To Use or Not to Use
A typical Wall Street story about a young man who has just started learning how to be a skilled speculator goes as follows. The young chap had a problem, so he came for advice to an elderly man renowned for his sharp investment intuition. The young guy had taken on rather large line of stocks, but the market got somewhat over-valued and thus the bloke thought that his positions were too risky. He was in doubt if he should sell at all. The young guy was so bothered by that that he was having sleeping problems.
The old gentleman advice was straight and simple: he said “Sell”. “Sell back until you sleep well again.” And despite this advice certainly has a flavor of ambiguity, there is a plain wisdom in it. We can reasonably assume that neither the old man nor the young chap knew in which direction the market was going, but both were subconsciously aware that the market was sufficiently erratic to cause justifiable worry.
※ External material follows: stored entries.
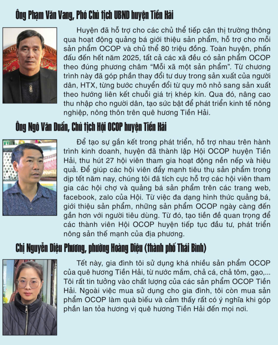 Có thể thấy các sản phẩm OCOP của huyện Tiền Hải có chất lượng tốt với nhãn mác, bao bì đẹp mắt. Từ các sản phẩm nông sản như gạo, trứng, thịt, rau, đến thủy hải sản như cá, tôm, tép, mực, rồi các sản phẩm chế biến như giò, chả, bún, rượu, cá kho hay các sản phẩm dược liệu như trà, tinh dầu, các sản phẩm thủ công mây tre đan, chiếu trúc..., hoàn toàn có thể đáp ứng nhu cầu sử dụng của người dân dịp tết, thay thế các sản phẩm nhập khẩu, hướng đến thực hiện hiệu quả cuộc vận động “Người Việt Nam ưu tiên dùng hàng Việt Nam”.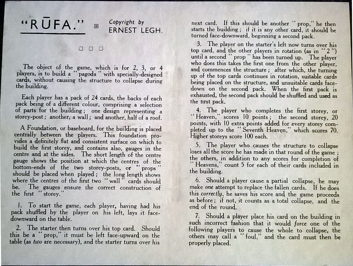 Rūfa is a game designed by Ernest Legh and manufactured by Thomas De la Rue, first registered in 1934. The object is to build a pagoda with specially-designed cards without causing the building to collapse. See: the rules→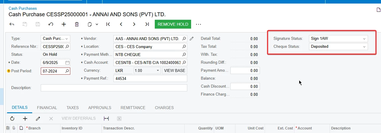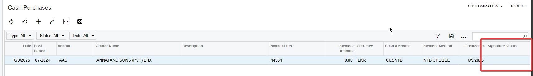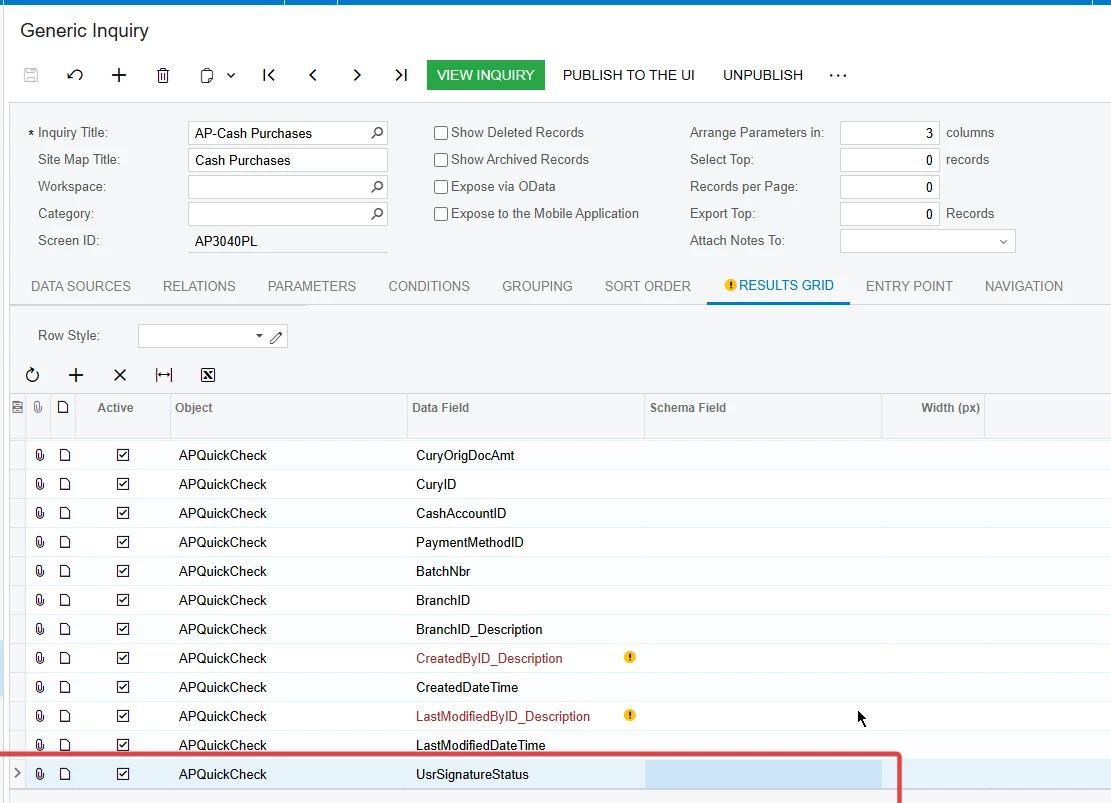 I have created two custom fields in Cash Purchase, but their values are not displaying in the Generic Inquiry.

Translated into more classical investment language, the old man’s advice meant - Sell some of your stocks so that a market fall-down will not wipe you out, but, on the other hand, keep sufficient amount so that if your apprehensions turn out to be unfounded, and the market grows, you will still gain some revenue - meanwhile, relax and get some sleep.
On the surface, it may sound somewhat cynical on the old gentleman’s part not to describe to his young follower a detailed and precise strategy. But you must appreciate it was impossible for him to be sincere and simultaneously pledge that he knew precisely what action be might the best under current circumstances. Besides, the young guy actually didn’t ask him to tell exactly what to do. All that chap wanted was a little help in lessening the stress and the advise, he received, was undoubtedly helpful.
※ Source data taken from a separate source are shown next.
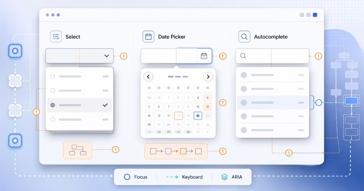The three widgets this article covers — custom selects, date pickers, and autocomplete fields — are the ones where the gap between “looks like it works” and “actually works” is widest. They reward teams that commit to the engineering cost, and they punish teams that treat accessibility as a last-minute ARIA patch on top of a <div>.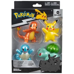 O Pokémon Select Metallic Battle Pack é um conjunto de quatro figuras de aproximadamente 7,5 cm de altura com acabamento metalizado, trazendo Pikachu, Bulbasaur, Squirtle e Charmander em versão colecionável. As figuras são produzidas em plástico rígido, com pintura especial de efeito metálico, realçando contornos e detalhes inspirados no design da série animada Pokémon.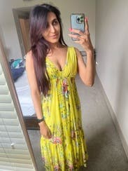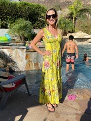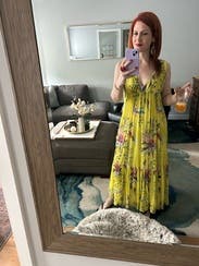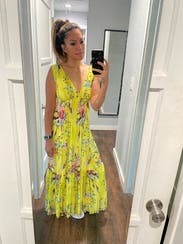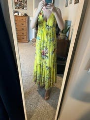 Gorgeous color, easy to wear dress. Wore for baby shower and then several more times at the beach. Super comfortable and can wear a bra. Perfect dress!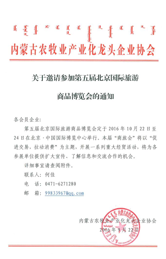 關(guān)于邀請(qǐng)參加第五屆北京國(guó)際旅游商品博覽會(huì)的通知

Finding the Sleeping Point
Practically speaking, investment formulas are made to assist you in a way similar to that the old man’s recommendation helped his young companion - they introduce an ingredient of caution in your investing actions when caution appears sensible, they reduce the need for caution when risks appear comparatively low and allow you to profit when prices rise. Furthermore, as soon as you integrate a formula into your investment strategy, it works almost automatically, letting you sleep nights in the solid knowledge that you are constantly insured against numerous unforeseen circumstances.
But in the same way as the wise investor left it up to the young disciple to make his mind up on what exactly his “sleeping point” could be, you can pick up a formula to suit your own temperament, financial situation and predisposition to insomnia. Any formula can be fine-tuned to go with the preferences and requirements of any investor.
Despite that formulas are intended to provide an unrestricted, unambiguous and detached guidance for action, no investor should think he is completely giving up personal control over his investments to the formula the he adopts. The argument for this logic is obvious. It’s because every investor should choose the formula, which will match the level of his individual comfort. A formula is not to tell you what exactly to do - it simply helps you perform your everyday tasks more efficiently. For instance, no formula can possibly tell you which stocks to trade or currency to purchase.
The entire argument of using formulas stands on the fact that people using them are usually rather sophisticated and that they are well aware of what kind of investment areas they are interested in, how to choose those and where to look for advice in their specific field(s) of interest. Nevertheless, by enhancing their understanding with considerations of the equally essential issues such as when to buy and in what amount - formulas can provide a valuable additional strength to their investment outcomes and help with managing their portfolio on a professionally higher level.
In addition, it is important to note that even though the true value of a formula is to provide the investor with an investment policy which is explicit in its directives all the time, there is no need to follow the formula precisely in order to benefit from it. On the other hand, you certainly should not ignore the formula completely if you expect to profit from it, but you can beneficially make use of it as a criterion or an overall guide without swearing eternal loyalty to its axioms. For example, you may wish to use a formula, but besides that to decrease or increase your risks at different times for a number of various reasons. Revisiting the formula frequently will give you an idea of how far you are deviating from your original schedule and will offer you a well-organized program to return to when you are ready.